The Untouchables were an American hardcore punk band that arose from the Washington, D.C. hardcore punk scene of the late 1970s and early 1980s. The band existed from October 1979 until January 1981 and released four tracks.

The Untouchables spawned a wide range of Washington, D.C., musical talents. Alec MacKaye, younger brother of Minor Threat/Fugazi member and Dischord Records founder Ian MacKaye, went on to sing with The Faith, Ignition and The Warmers. Guitarist Edward Janney went on to play with The Faith, Rites of Spring, One Last Wish, Skewbald/Grand Union and Happy Go Licky. Bassist Bert Queiroz later played in Youth Brigade, Double-O, Second Wind, Meatmen, Rain and Manifesto. Drummer Richard Moore also played in the Meatmen, Double-O and Second Wind. Together Richard Moore and Bert Queiroz started their own independent record label, R&B Records.

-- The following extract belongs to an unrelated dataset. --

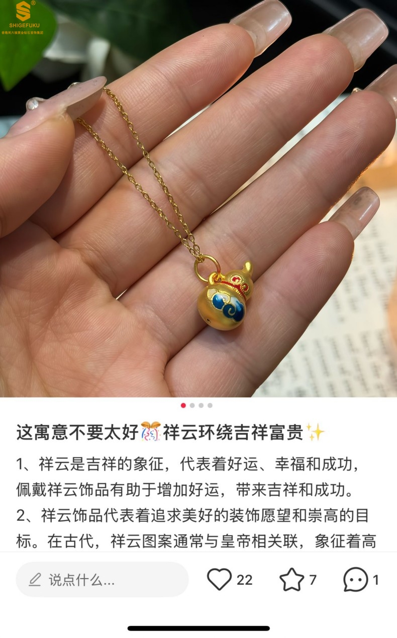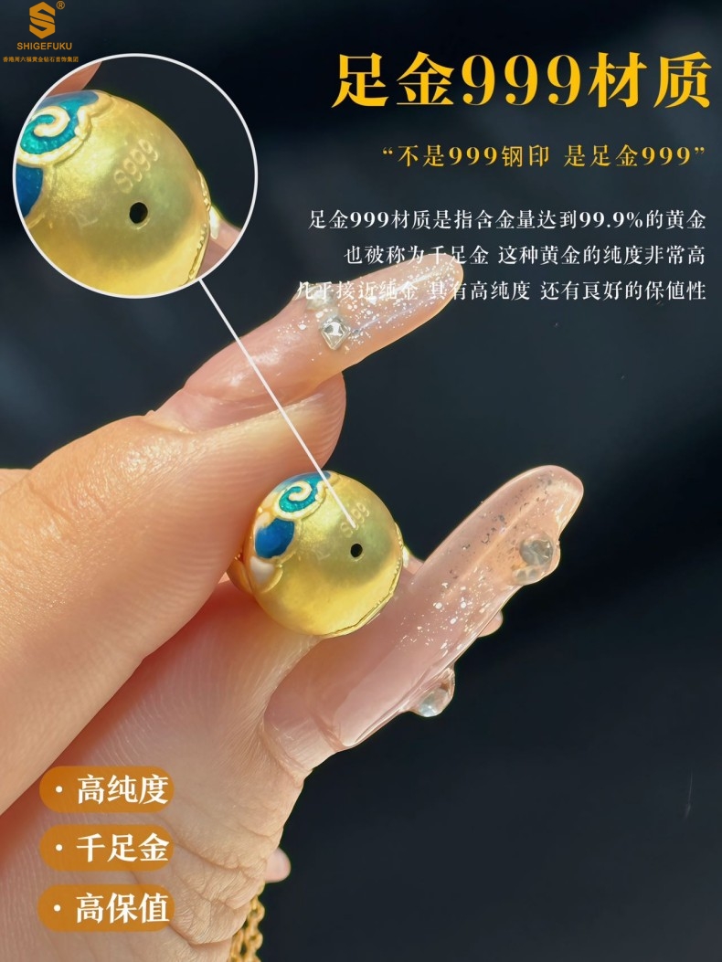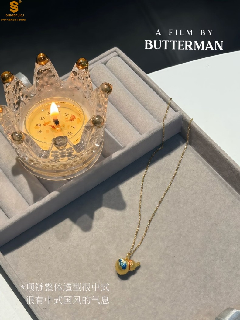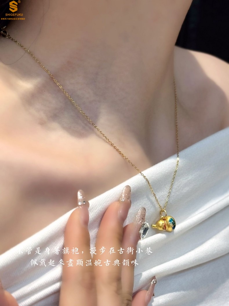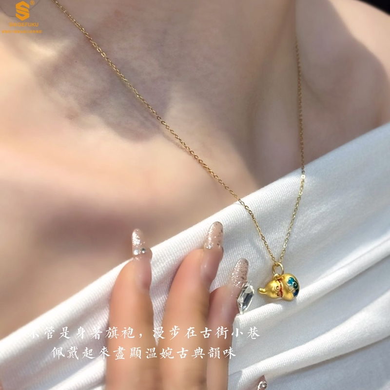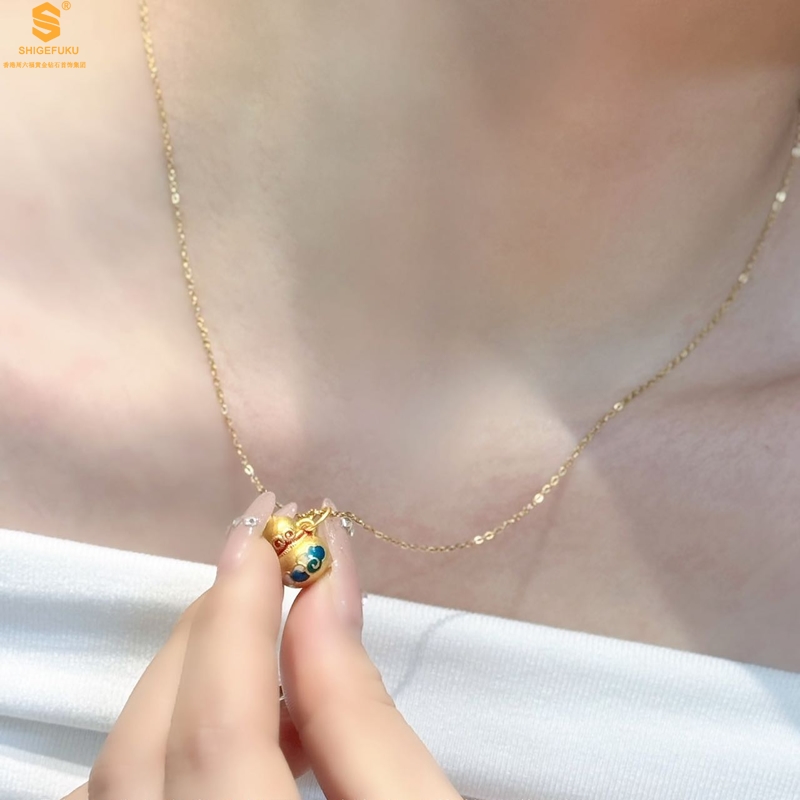 【品名】足金内嵌足银珐琅手绘祥云葫芦吊坠(附赠K金项链)

The Untouchables only released a demo tape which later appeared on Dischord Records' Flex Your Head compilation and 20 Years of Dischord. Their most famous song was "Nic Fit", which would be covered by Sonic Youth on their 1992 album Dirty. The song was also featured in the 2006 music documentary American Hardcore.

==Members==
- Alec MacKaye - vocals
- Eddie Janney - guitar
- Bert Queiroz - bass
- Rich Moore - drums

==Discography==
(the group's known four tracks were released on compilations)
- Flex Your Head - "Rat Patrol", "Nic Fit", "I Hate You"
- 20 Years of Dischord - "(I'm Not Your) Steppin' Stone", "Nic Fit"
- American Hardcore: The History of American Punk Rock 1980-1986 - "Nic Fit"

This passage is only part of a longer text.